It was the third course. Well, where was it going to take him? His first impulse was to return to Hillick St Agnes and force a search of the Angel. These old inns had cellars. Why had they not been searched already? The Garstnets must co-operate, or plead guilty. This impulse spent itself. This crime was not the work of some boggling amateur. Mr Smith’s words recurred again: “You will place an unscrupulous and powerful organization on its guard.” He was admitting now that he believed in such an organization. Rose Anne was not the first to disappear, and of the others not one had ever come back. It was not a mere matter of Matthew Garstnet and his wife, and the cellars at the Angel. There were dark depths—His thoughts broke off in horror.
What then?
There came into his mind Oakham—small, remote Oakham, with its one big house lying deserted behind stone walls, and Matthew Garstnet’s sister-in-law keeping a solitary guard there—Matthew Garstnet’s sister-in-law who might be Amos Rennard’s sister-in-law too. Sparks went to and fro in his mind. Florrie had been sent there to be out of the way. What if Rose Anne had been sent there too? It was only ten miles by road.
The sparks flashed. A plan began to form. Hillick St Agnes must be assured that the letter had done its work. If anyone was watching for his reactions, they had better be given something to keep them quiet.
He went down to the telephone-box and rang up James Carew. He actually got Elfreda, and as she would do equally well, he informed her that he was returning to London, and that his club would find him there till further notice. The Angel got the same message, and here it was Mrs Garstnet who answered. She went away in the middle and fetched pencil and paper to write down the address, although she had had it when he was away before. He thought he heard a muffled whispering—somewhere. Was she asking Matthew what she should say? He wondered. And then there she was, rather curiously out of breath.

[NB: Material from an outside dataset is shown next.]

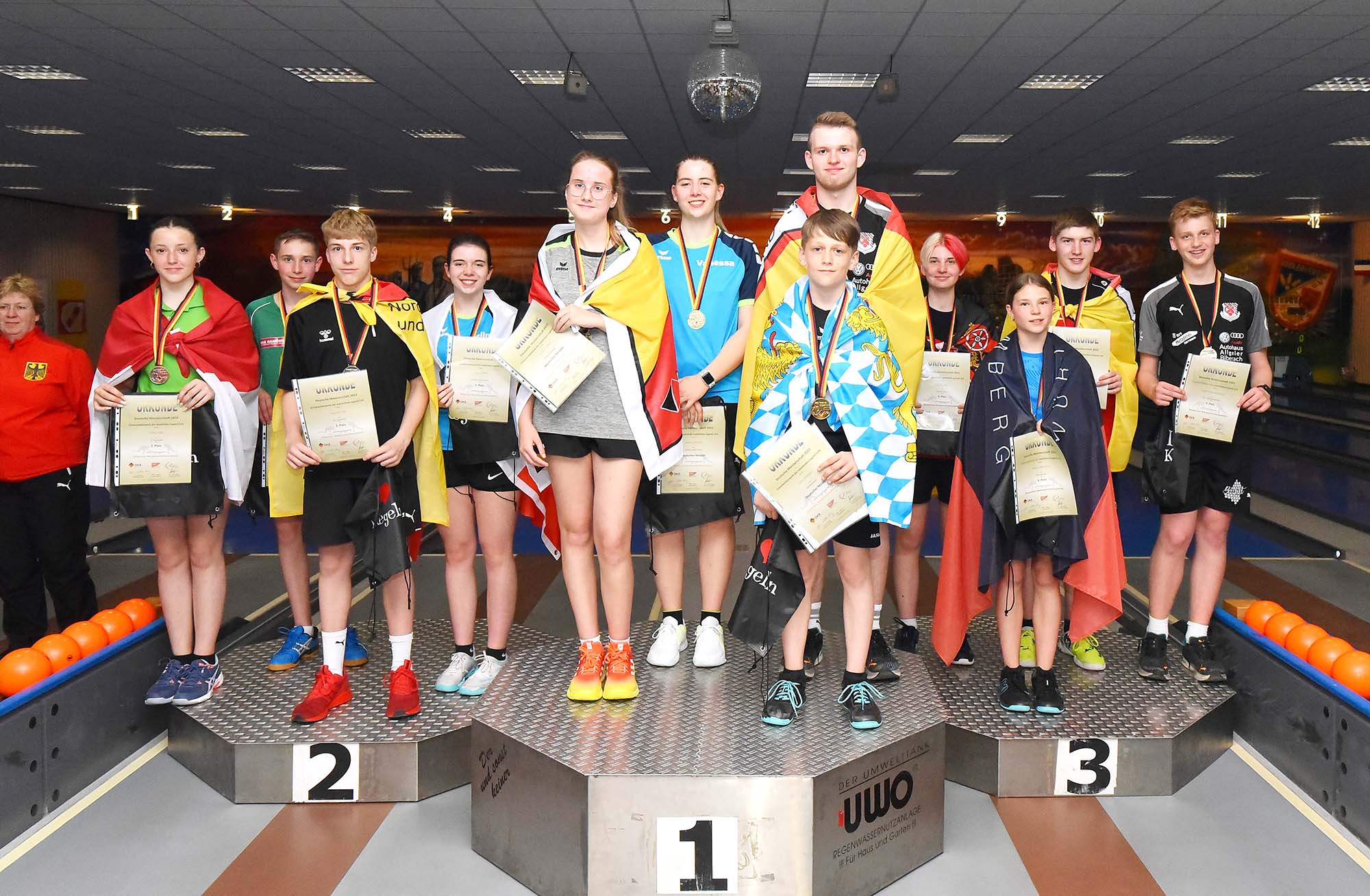 Bei den U14 Jungs war Unterharmersbach gleich viermal Vertreten. Hier war es zum Schluss etwas dramatisch. Alexander John erspielte 510 Kegel und verpasste mit dem 13. Platz knapp den Finallauf am Montag. Diesen erreichte dann wiederum mit 512 Kegel und dem 12. Platz Franz Josef Wacker wegen zwei Kegel mehr. Paul Schondelmaier kam mit 529 Kegel auf Platz 9. Im Finallauf holte dann Franz Josef Wacker mit 461 Kegel keinen Platz mehr auf. Doch der 12. Platz war ihm nicht mehr zu nehmen. Paul Schondelmaier zimmerte dann 564 Kegel zu 1093 Kegel auf die Bahn. Mit dem zweitbesten Finalergebnis schob er sich dann Platz um Platz hoch und schaffte mit der Bronzemedaille noch den Sprung aufs Treppchen. Überragender Auftritt von einem der Jüngsten. Felix Schmidt vom KV Bayreuth erzielte mit 597+601=1.198 Kegeln einen neuen Deutschen Rekord über 120 und 240 Wurf und wurde so überragend Deutscher Meister.

“Oh, yes, Captain Loddon—I’m quite ready now.”
He dictated the address, and when she had written it down she said,
“Then you won’t be coming back again?”
“I don’t think so. There isn’t anything to come back for—now.”
He heard her catch her breath. There was a sound as if the receiver had knocked against something.
“I’m sure I can’t say, sir, how very sorry we are.” Her voice broke. “Miss Elfreda—tells me—there was—a letter.”
Oliver said, “Yes.” He paused, then added, “She’s in France. She’s going to marry someone else. Good-bye, Mrs Garstnet.”
He came out of the box with a sense of satisfaction. He thought he had done that well. By closing-time tonight every man, woman, child, cat, dog, and mouse in Hillick St Agnes would know that Miss Rose Anne had run away to France to be married, and that Captain Oliver Loddon was taking himself and his disappointment to London and wouldn’t be coming this way again.
He wondered in his own mind whether he had really said good-bye to it all, and then winced away from the thought, because if he found Rose Anne—if he found Rose Anne—they would come this way not once but many times. An old song began to ring in his head:
“Bring back, bring back,
Bring back my bonnie to me, to me.
Bring back, bring back,
Oh, bring back my bonnie to me.”
As he paid his bill and had his cases brought down, the tune was still there, and when he drove away it fitted itself to the purr of the engine. What was he going to do next? Drive to Oakham. Well then, what was he going to do with his car when he got there? There are times when a car can be a nuisance. To leave it in Malling was to inform all and sundry that he was expecting to return. To put it up in Oakham was to advertise his arrival there. He would very much have preferred to come hiking over the hill. In the end he decided to drive to Oakham and leave the car somewhere off the road whilst he had a look at The Place. It would be late enough by the time he got there, and dark within another half hour.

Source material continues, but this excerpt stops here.